BNNTs in high-polarity polymer matrix
In an exciting development, nanocomposite films containing BNNTs exhibit higher permittivity than pure polymer films due to the high dielectric constant of BNNTs. In addition, the incorporation of BNNTs increases the electrical conductivity of the resulting nanocomposite films.
Boron nitride (BN) nanoparticles have in the past been used for a wide range of purposes, including lubrication, friction reduction, wear resistance, and thermal management. However, because dispersing these nanoparticles into polymer matrices is challenging, their use in polymer matrices has been limited to date.
According to a study, researchers have used an electrospinning technology to create a new polymer composite.
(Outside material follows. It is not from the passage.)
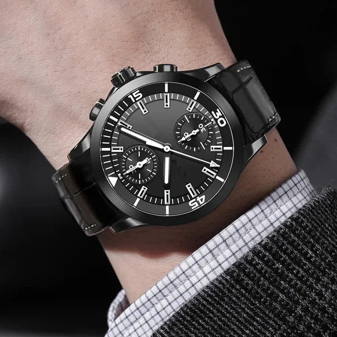 Eager to elevate your style? Look no further than this men’s watch. The aviator-inspired wristwatch design enhances your stylish look. Crafted with a durable stainless steel case and comfortable genuine leather strap. it offers both style and durability. Fashionistas love this perfect wristwatch for its automatic self-wind movement feature. Don’t wait. grab yours now!

When compared to a plain polymer matrix, the composite’s Young’s modulus was raised by three times. In both dry and wet situations, the coefficient of friction dropped by more than half.
The composite showed excellent thermal conductivity and mechanical properties. It has the potential to be used in a wide range of devices, including microelectronics, batteries, and other electronic components.
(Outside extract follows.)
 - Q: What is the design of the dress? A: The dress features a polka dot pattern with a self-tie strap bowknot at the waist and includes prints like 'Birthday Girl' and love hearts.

Current Limitations on Use of BNNTs
BNNTs have many desirable characteristics such as wide bandgap, high breakdown field, high dielectric constants and excellent mechanical properties. These characteristics make them ideal candidates for use in high-temperature applications.
Polymer composites containing BNNTs show great enhancements in dielectric properties and breakdown strengths. In order to achieve a high quality of BNNTs, the challenges as described above need to be solved. Barriers include liquid exfoliation technique costs which are still very high and production rate is low. The process is, unfortunately, toxic and harmful to humans.